The Jefferies report highlights stocks that are considered quality companies based on metrics like sustainable growth rates and superior dividend yields. We screened the list for the top-yielding companies.

Chevron Corp. (NYSE: CVX) is a perfect story for investors looking to stay long the energy sector. With its large dividend, and a solid place in the sector when it comes to natural gas and liquefied natural gas, long-term investors willing to look past the current debacle in oil pricing may be able to make a once-in-a-lifetime buy on this industry behemoth.

Chevron investors are paid a very solid 3.87% dividend. The Thomson/First Call consensus price target for the stock is $32.02. Shares closed up nicely Monday at $111.73 as oil had a bounce back from multiyear lows.

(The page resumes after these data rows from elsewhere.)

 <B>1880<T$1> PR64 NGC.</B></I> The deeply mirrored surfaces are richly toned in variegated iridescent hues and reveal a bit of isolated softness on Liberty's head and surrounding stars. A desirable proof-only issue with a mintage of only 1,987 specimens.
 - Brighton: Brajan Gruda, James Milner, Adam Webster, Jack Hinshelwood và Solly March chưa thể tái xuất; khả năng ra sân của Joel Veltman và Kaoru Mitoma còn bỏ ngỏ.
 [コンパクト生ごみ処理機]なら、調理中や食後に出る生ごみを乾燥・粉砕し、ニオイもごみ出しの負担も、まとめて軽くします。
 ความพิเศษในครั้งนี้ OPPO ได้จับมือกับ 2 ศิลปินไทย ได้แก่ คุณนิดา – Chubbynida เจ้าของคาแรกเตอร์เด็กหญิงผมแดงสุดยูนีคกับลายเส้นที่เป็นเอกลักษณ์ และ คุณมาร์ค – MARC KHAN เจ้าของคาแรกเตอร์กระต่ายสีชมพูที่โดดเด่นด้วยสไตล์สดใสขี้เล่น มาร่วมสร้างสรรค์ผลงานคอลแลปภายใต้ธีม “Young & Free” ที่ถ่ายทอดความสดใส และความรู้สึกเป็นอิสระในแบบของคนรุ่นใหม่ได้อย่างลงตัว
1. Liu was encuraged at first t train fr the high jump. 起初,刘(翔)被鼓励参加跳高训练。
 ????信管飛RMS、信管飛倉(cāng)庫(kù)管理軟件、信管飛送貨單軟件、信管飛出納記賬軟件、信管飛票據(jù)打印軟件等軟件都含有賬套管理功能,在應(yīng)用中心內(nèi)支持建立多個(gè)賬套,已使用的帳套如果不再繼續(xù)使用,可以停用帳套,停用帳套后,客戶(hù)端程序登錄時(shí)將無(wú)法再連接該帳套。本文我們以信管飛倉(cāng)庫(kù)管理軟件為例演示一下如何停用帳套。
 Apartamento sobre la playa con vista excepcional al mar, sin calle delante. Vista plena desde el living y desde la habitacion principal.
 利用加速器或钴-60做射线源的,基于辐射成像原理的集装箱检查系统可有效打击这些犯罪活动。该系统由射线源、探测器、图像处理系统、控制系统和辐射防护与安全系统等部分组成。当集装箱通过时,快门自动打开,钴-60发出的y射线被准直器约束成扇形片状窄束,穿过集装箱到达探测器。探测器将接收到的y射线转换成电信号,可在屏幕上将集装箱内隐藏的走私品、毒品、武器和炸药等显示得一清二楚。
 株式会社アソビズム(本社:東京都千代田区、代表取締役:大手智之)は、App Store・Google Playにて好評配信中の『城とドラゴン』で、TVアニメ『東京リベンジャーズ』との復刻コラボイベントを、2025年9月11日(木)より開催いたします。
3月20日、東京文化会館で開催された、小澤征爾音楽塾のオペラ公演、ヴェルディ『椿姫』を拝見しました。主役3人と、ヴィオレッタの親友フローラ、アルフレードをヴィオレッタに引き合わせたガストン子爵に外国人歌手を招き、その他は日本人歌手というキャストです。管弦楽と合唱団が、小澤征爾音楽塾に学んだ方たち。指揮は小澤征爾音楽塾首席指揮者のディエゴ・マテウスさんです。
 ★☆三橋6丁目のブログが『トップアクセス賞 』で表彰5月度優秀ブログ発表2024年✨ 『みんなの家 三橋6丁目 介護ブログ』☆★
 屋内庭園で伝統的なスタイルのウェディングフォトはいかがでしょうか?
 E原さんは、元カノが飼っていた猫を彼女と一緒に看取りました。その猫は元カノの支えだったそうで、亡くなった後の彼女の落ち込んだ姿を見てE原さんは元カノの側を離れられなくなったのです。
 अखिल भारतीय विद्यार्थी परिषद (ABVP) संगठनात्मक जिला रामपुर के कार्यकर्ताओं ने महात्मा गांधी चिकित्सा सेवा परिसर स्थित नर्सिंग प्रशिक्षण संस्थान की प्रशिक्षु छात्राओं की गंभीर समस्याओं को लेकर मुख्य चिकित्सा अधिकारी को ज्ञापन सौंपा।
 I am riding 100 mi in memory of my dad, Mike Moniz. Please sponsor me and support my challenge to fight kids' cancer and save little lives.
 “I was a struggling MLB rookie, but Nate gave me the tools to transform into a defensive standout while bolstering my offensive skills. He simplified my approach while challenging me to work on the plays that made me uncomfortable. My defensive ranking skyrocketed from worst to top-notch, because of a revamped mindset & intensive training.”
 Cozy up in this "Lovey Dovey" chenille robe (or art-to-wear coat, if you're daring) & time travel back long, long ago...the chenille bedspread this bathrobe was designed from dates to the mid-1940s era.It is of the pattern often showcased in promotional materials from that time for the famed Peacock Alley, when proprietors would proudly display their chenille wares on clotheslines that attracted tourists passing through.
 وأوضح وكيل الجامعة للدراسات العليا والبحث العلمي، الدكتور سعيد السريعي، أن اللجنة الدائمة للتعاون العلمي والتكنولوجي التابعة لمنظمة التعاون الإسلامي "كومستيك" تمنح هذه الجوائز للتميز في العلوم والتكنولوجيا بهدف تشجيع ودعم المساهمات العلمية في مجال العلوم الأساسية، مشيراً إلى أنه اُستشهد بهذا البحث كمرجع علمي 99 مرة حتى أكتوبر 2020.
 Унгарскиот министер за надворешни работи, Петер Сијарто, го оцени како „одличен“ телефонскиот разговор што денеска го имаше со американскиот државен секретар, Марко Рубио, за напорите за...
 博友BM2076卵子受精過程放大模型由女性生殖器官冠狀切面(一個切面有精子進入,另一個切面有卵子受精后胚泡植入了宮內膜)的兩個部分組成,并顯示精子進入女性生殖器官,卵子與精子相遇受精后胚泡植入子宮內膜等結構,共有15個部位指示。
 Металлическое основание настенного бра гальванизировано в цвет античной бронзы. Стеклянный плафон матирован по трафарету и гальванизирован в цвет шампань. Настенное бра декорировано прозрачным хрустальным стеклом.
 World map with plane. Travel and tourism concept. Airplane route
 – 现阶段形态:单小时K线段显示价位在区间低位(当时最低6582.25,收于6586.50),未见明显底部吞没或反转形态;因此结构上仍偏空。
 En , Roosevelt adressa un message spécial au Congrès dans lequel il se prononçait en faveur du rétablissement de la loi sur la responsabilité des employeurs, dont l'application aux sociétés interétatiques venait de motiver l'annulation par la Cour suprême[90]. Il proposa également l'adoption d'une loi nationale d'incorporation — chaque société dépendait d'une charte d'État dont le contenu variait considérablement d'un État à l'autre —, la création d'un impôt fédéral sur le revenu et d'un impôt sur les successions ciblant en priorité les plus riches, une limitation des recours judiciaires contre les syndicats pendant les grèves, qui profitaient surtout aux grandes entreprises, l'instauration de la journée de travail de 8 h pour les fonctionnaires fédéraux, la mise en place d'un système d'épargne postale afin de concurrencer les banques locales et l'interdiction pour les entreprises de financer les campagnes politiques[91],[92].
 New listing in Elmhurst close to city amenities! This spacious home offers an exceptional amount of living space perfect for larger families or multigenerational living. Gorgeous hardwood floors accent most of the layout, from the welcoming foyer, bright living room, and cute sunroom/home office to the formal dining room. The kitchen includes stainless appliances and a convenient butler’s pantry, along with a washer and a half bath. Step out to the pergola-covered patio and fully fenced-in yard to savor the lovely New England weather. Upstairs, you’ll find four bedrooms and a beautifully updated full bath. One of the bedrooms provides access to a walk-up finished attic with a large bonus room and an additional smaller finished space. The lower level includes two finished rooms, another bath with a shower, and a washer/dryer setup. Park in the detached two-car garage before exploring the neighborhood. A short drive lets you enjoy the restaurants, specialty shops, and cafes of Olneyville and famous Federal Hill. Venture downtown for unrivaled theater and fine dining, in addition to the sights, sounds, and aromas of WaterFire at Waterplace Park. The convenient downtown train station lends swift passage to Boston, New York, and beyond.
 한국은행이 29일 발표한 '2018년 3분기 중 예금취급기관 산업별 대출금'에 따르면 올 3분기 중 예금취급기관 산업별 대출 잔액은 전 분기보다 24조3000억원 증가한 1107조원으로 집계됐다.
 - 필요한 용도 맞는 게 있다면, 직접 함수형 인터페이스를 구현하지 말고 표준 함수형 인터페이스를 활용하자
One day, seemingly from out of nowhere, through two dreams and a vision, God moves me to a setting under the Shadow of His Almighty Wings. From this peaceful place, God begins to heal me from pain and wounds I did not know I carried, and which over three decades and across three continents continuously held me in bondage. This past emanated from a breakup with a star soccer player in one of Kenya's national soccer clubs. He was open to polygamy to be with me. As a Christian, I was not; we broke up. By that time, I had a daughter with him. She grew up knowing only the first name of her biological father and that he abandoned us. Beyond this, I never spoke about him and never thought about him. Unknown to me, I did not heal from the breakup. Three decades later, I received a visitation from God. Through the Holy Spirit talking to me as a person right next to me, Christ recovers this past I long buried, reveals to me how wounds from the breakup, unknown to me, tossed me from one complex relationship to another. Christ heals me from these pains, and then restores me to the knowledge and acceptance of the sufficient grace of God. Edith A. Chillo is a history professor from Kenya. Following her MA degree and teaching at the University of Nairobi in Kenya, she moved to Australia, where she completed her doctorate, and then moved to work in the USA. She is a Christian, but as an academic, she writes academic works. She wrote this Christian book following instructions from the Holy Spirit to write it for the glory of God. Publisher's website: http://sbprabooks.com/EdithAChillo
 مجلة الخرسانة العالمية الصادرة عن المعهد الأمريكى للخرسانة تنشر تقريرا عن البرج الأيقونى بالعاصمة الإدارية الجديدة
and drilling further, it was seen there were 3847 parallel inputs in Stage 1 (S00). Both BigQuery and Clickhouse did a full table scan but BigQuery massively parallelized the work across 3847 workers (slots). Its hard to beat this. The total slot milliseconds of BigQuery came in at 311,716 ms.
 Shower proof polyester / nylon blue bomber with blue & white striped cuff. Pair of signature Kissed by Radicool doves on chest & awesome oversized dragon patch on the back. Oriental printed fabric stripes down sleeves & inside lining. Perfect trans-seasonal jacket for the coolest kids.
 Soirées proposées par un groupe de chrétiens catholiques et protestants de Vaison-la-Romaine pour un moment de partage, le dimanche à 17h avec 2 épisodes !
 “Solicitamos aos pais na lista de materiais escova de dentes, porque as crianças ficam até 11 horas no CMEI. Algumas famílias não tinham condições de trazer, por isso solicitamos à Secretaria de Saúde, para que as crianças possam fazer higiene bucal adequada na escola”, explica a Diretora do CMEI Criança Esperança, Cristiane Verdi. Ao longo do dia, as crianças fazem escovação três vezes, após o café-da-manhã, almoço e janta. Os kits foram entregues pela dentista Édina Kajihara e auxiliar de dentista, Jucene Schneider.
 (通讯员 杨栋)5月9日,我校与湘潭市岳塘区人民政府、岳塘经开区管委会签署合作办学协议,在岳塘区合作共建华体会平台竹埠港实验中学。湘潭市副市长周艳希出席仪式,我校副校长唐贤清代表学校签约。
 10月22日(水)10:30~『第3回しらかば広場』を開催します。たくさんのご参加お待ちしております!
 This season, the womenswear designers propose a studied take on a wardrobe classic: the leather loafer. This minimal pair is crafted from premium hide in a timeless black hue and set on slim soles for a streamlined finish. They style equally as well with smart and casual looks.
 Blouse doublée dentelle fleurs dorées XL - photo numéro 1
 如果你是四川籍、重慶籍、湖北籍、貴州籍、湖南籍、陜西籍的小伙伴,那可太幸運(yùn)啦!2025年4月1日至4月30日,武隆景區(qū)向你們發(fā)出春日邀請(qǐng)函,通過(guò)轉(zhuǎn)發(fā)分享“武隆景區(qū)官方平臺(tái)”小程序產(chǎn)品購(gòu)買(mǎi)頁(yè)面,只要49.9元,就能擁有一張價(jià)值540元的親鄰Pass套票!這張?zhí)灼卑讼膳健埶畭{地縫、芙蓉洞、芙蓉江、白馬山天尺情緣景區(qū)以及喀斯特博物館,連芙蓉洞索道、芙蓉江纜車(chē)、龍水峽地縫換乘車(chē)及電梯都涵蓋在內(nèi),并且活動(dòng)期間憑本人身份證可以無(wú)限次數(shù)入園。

ALSO READ: Deutsche Bank Lowers Price Targets on Top Oil Stocks to Buy

Emerson Electric Co. (NYSE: EMR) is a top stock to buy that analysts feel will be a beneficiary of an expected upturn in capital spending in 2015. The company boasts a solid balance sheet, with a tiny 0.5 debt-to-equity ratio. Plus the dividend is well covered and was recently increased. Emerson’s Process Management division was recently selected as the main automation contractor for the Shah Deniz Stage 2 development project in the Azerbaijan sector of the Caspian Sea, a $40 million contract.

Emerson investors receive a 2.97% dividend. The consensus price target is $69.96. Emerson closed Monday at $62.92 a share.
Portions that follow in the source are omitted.